[Opening Data section section]

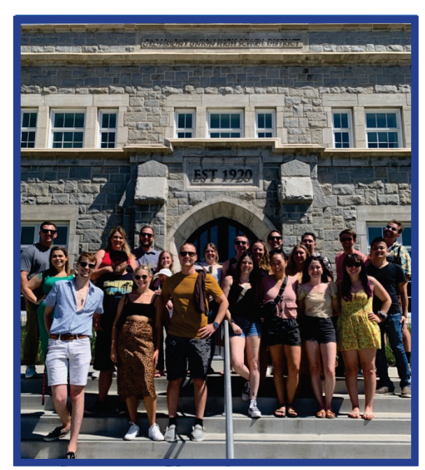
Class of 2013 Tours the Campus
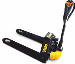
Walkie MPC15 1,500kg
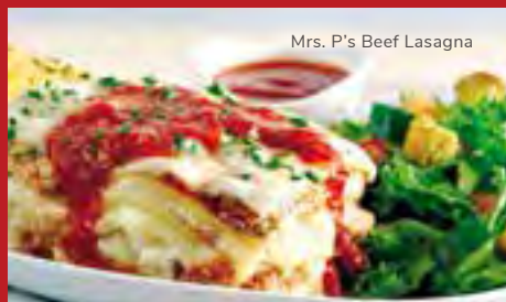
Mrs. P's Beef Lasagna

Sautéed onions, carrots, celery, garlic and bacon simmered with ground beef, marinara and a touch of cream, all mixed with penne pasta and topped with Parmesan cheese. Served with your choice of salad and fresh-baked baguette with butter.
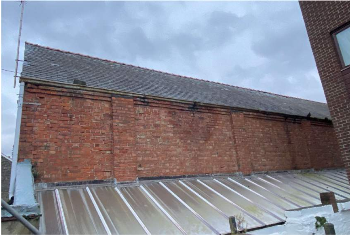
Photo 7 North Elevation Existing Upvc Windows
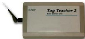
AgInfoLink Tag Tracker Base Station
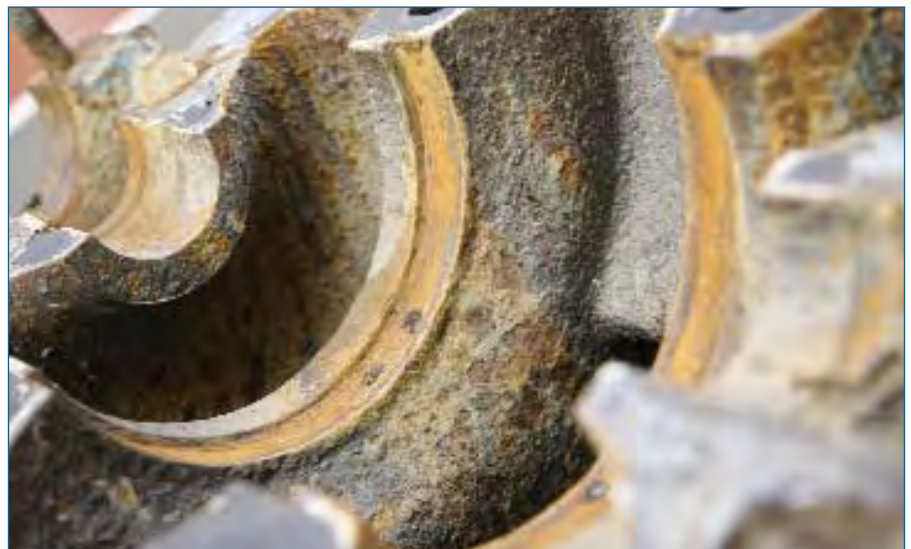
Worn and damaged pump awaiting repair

[Closing Data section section]

• _Your assignment_
Nothing but the lines from the one with "AgInfoLink Tag Tracker Base Station" through the end of the entries above, both included, should be set down, exactly and without pictures.

• _Answer box_
AgInfoLink Tag Tracker Base Station
Worn and damaged pump awaiting repair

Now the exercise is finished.